No, he was far too squeamish for such things. He’d almost vomited the day he got here—the day he’d watched his captain shoot an intruder to the trench without blinking. To dig around his muscle with a rock wouldn’t be nearly as harrowing, but the pain would be unimaginable. Being shot had been bad enough. He wanted nothing less than to relive that impossible pain all over again.

By the time he’d torn three more patches of cloth and stuck them to their corresponding holes, the sun was peeping through the trees.

Nothing was necessarily good about being where he was, but those trees were undoubtedly the best part. The way the leaves danced in the wind, and each drop of warm colour falling carelessly as they did. An orange blanket, dusted with reds and yellows beneath him hardly made up for his discomfort, but it gave Shikamaru a chance to imagine what things would be like without the inconvenience of being so terribly injured, without being here.

Back home he had never liked the outside. He was the sort of child who did better away from the elements, where he could think without interruption or nature’s whispers and echoes. But he’d always watched from his window as the trees down his street grew yellow to red to bare in autumn and winter, and often stepped out just to hear the crunch beneath his boots.

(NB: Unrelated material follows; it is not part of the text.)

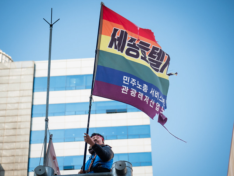 고진수 세종호텔지부 지부장이 낡삭아 반쪽만 남은 깃발을 흔들고 있다. 참세상 박도형 기자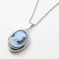 可憐な女性の彫刻を施したストーンカメオが付いたロケットペンダント。

There was no crunch now, just a soft rustle amongst the wet undergrowth. And no window to be safe behind as the rain poured down.

“Man up,” he whispered to himself as he winced, adjusting his position against the tree-trunk. He ran a frozen hand across his forehead, catching the slightest bit of hair and jumped.

He still wasn’t used to his short hair. It wasn’t right. It wasn’t him.

A whistle rang out through the trees, and Shikamaru instantly toppled over, hiding his warm breath against the leaves. He’d heard enough birdsong since he’d got here, and there was now doubt in his mind that wasn’t some harmless creature: that came from a human.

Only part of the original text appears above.